Flambée mondiale des prix des céréales : La tonne de blé dur atteint 240 euros Anticipant le vent de révolte qui allait ébranler certains pays arabes, notamment, ceux de la rive sud de la Méditerranée certains Etats – parmi lesquels l’Algérie, l’Egypte et la Libye – se sont précipités, dès la fin de l’année 2010, sur les marchés nord-américains et français en particulier pour y acheter des quantités impressionnantes de blé.A elle seule, l’Algérie a dépensé en 2010 près de deux milliards d’euros, histoire de se mettre à l’abri d’éventuelles pénuries qui pourraient exacerber encore davantage un front social en ébullition. Pour l’année en cours, elle a déjà placé une commande d’un peu plus d’un milliard d’euros qui sera très probablement suivie par une autre du même montant d’ici la fin de l’été, quand bien même la récolte de blé serait, aux dires de notre ministre de l’Agriculture, exceptionnellement bonne.

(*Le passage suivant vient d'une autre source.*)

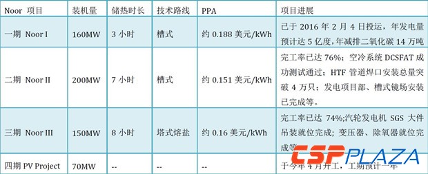 如圖所示,160MW的NoorI槽式光熱電站(3小時儲熱時長)已于2016年2月4日投運,電價為1.62迪拉姆/kWh,約合1.183人民幣/kWh;200MW的NoorII槽式光熱電站(7小時儲熱時長)的完工率已達76%;150MW的NoorIII塔式熔鹽光熱電站(8小時儲熱時長)的完工率也已達74%;今年4月,該項目第四階段(最后階段)的70MWNoorQuarzazateIV光伏電站正式動工,這標志著全部電站項目進入建設階段。

Cette subite main basse sur la production mondiale de céréales, déjà très fortement affectée par les effets du réchauffement planétaire, va propulser les prix de cette denrée de base à des niveaux insoupçonnés. C’est ainsi que le prix moyen de la tonne de blé, qui n’était que de 90 euros au cours des quatre dernières années, a atteint 240 euros en fin de semaine sur le marché français, et tout porte à croire qu’il n’arrêtera pas de grimper, favorisé en cela par un contexte de pénurie aggravé par les spéculations boursières et autres transactions informelles qui ne manquent pas de se manifester quand la demande tend, comme c’est actuellement le cas, à surclasser l’offre.
Plusieurs facteurs conjoncturels, mais aussi et surtout structurels sont à l’origine de ce rétrécissement de l’offre de céréales en général (maïs, orge, etc.) et du blé en particulier. La sécheresse qui affecte depuis au moins quatre années consécutives les principaux pays producteurs (USA, France, Ukraine etc.) mais également les productions locales qui servaient d’appoint à l’offre mondiale constituent les principales causes de cette forte et subite restriction de l’offre. D’autres facteurs y ont également contribué. On citera en premier lieu la baisse des stocks de blé au niveau des principaux pays producteurs, dont une partie de plus en plus importante est réservée à leurs propres populations en constante augmentation. Cette moindre abondance de céréales sur certains marchés étrangers aurait même tendance à virer à la pénurie en raison des rétentions de stocks effectuées par certains Etats, parfaitement conscients que le blé peut, quelquefois, constituer une véritable arme que redoutent tout particulièrement les pays dont la ration alimentaire est en grande partie constituée de cette denrée.
L’autre cause, et non des moindres, à l’origine de la baisse tendancielle de l’offre mondiale de blé réside dans l’affectation de surfaces agricoles autrefois réservées aux cultures de céréales à d’autres types de plantations (soja, tournesol) destinées à la production de biocarburants qui rapportaient beaucoup que les céréales avant que les prix de ces dernières ne s’envolent. Ce sont des centaines de milliers d’hectares qui auraient ainsi été détournés de leur vocation céréalière à travers le monde, selon les estimations de la FAO.
Quelle conséquence pourrait avoir cette restriction mondiale de blé sur l’Algérie, sachant que cette denrée, qui constitue l’aliment de base des Algériens, poserait problème si elle venait à manquer ? Les prix des farines de blé étant soutenus par l’Etat ce sont, évidemment, les finances publiques qui en supporteront les conséquences, heureusement à une période de forte embellie due à l’envolée des prix des hydrocarbures.Tous les produits céréaliers autres que les blés n’étant pas concernés par le soutien des prix, il faut néanmoins s’attendre à ce que les aliments, notamment ceux réservés au bétail, augmentent sensiblement, avec toutes les répercussions négatives sur les prix des viandes blanches et rouges, qui ont du reste atteint des niveaux records.